By many accounts, quantum computing will be one of the defining technologies of this century. A general-purpose quantum computer could significantly speed-up various calculation intensive tasks ranging from drug research to optimization of logistics routes with immediate societal benefits. Many different materials are studied as the basis on which a quantum computer could be build. In this project, we will advance the use of silicon, the material that is already ubiquitous around us, as a quantum platform. As silicon has already been the material underpinning the modern information technology revolution, using it would be of advantageous to the diffusion of quantum technologies as they could then leverage the existing infrastructure of silicon electronics and photonics. The ultimate long-term goal of the project is enabling a not-too-distant future where silicon chips encompassing quantum enabled sensors and/or quantum computing processors are widely available and only require push-of-a-button coolers and laser light to operate.
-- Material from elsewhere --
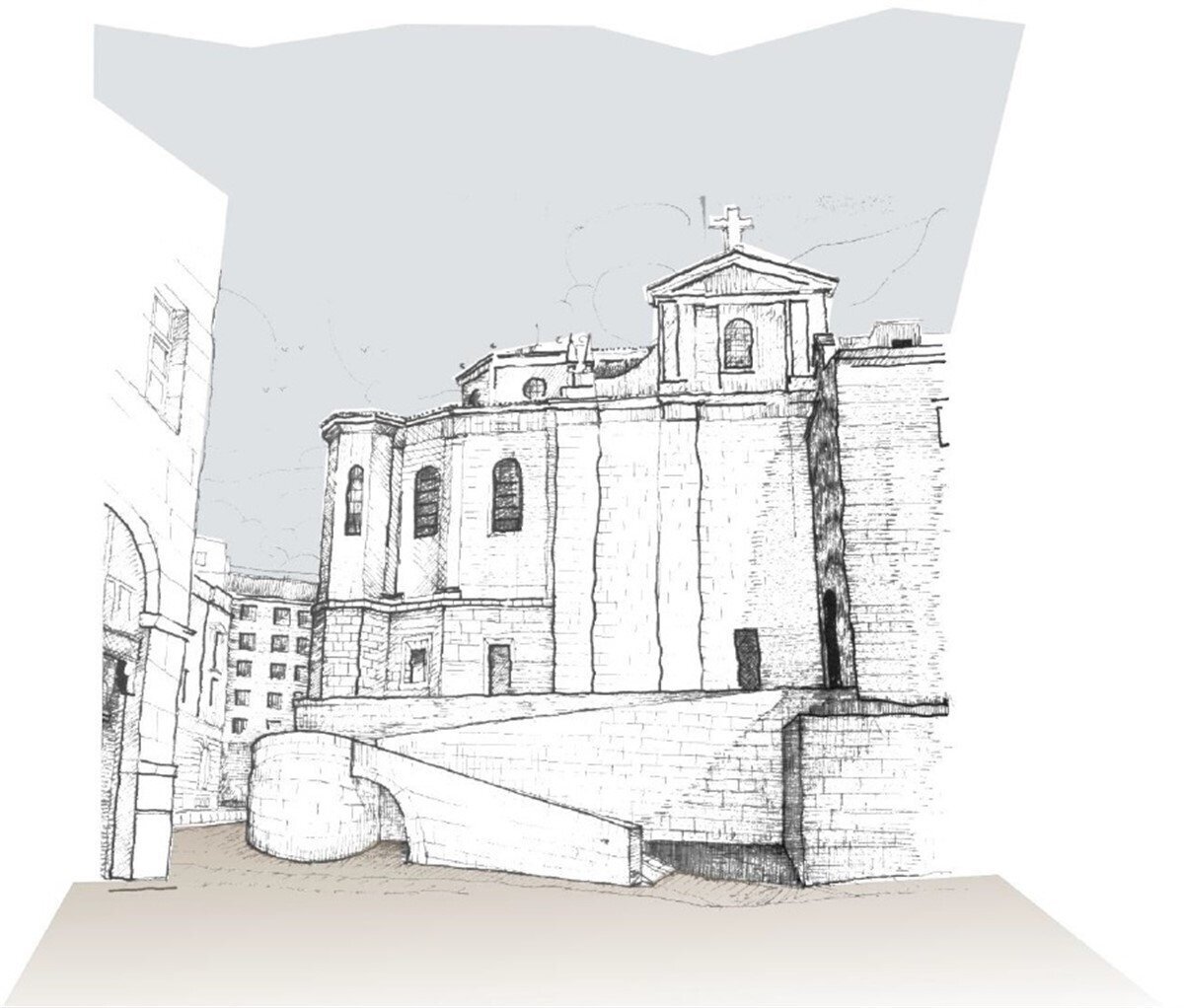 Entre la rampa y el contrafuerte se genera además un espacio prácticamente rectangular, cubierto en su parte este, que podría destinarse a mostrar hallazgos arqueológicos del origen de la ciudad.

Specifically, the project will advance a novel emerging physical implementation of qubits: donor spin states in silicon. These states are now known to be excellent qubits with some of the longest single qubit coherence times demonstrated in solid state. This is a significant advantage for both quantum sensing and quantum information applications. However, at the moment the application potential of silicon donor qubits is hindered by two related obstacles: current readout techniques require nanoelectric connections, below 1 K temperatures and high magnetic fields, and - most importantly - there are no scalable methods to couple multiple qubits.
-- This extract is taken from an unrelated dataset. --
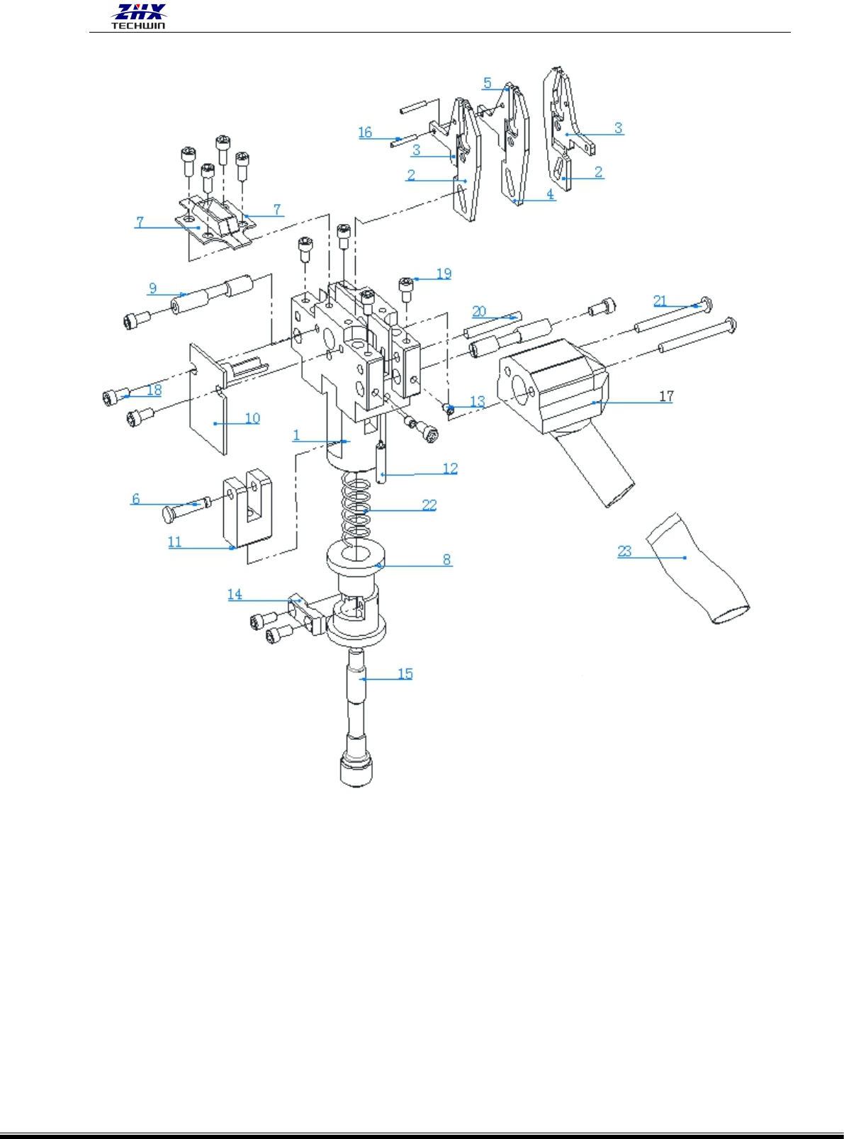 ZHX-R20C&D(-IN)立式插件机说明书 深圳市中禾旭精密机械有限公司 www.zhxai.com - 78 - 10.剪 脚头保养 1)剪脚头的拆卸。 松开 ○ 1 WJ-10149 上较大的四个剪脚头固定螺丝,松开(9)LS1D-07034 上的螺丝,把检 测线拉出来,就可以把整个剪脚头拿出来。 2)剪脚头的保养。 (1).松开 (7) 上的螺丝, 然后松开(10)、 (20)、 (19)上的螺丝把(20)拉出来, 再…

This project will realize an optomechanical quantum bus for spins in silicon in order to enable optical and mechanical coupling and readout mechanisms for the donor spins and hence overcome all these obstacles. The created quantum bus will not only allow integrating the spin qubits with existing silicon photonics and nano-electro-mechanical (NEMS) platforms for integrated quantum circuits and optically readable practical quantum sensors but will also provide a solid-state on-chip testbed for creating and studying macroscopic quantum states.
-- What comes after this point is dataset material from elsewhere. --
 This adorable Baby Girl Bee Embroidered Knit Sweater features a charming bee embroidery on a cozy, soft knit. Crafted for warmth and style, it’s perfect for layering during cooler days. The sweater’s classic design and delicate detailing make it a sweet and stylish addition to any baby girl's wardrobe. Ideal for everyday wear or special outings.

At this point of the project, we have now designed and fabricated devices that combine the implanted ions and optomechanical devices and are currently working on characterising the spin - mechanical resonator coupling. For a complete functionality of the hybrid system it would beneficial to have also a second readout in addition to the optomechanical device, and for this reason we are also working on another readout mechanism based on donor bound exciton states. This work lead us to some interesting physics about how hole states in silicon react to strain. Finally, as the ultimate device will also require us to have a quantum level control over the mechanical resonator, we are simultaneously working on measurement based feedback of optomechanical systems. This work in turn lead us to realise a novel way to achieve the feedback mechanism.

By the end of the project we expect to have a quantum device where donor spins in silicon are coupled to silicon NEMS devices which provide both the spin-spin coupling for the nearest neighbors and a transducing element between the spins and optical telecom range photons that can then be used for long-range interactions. This will be the crucial building blocks to realize a full size silicon quantum computer.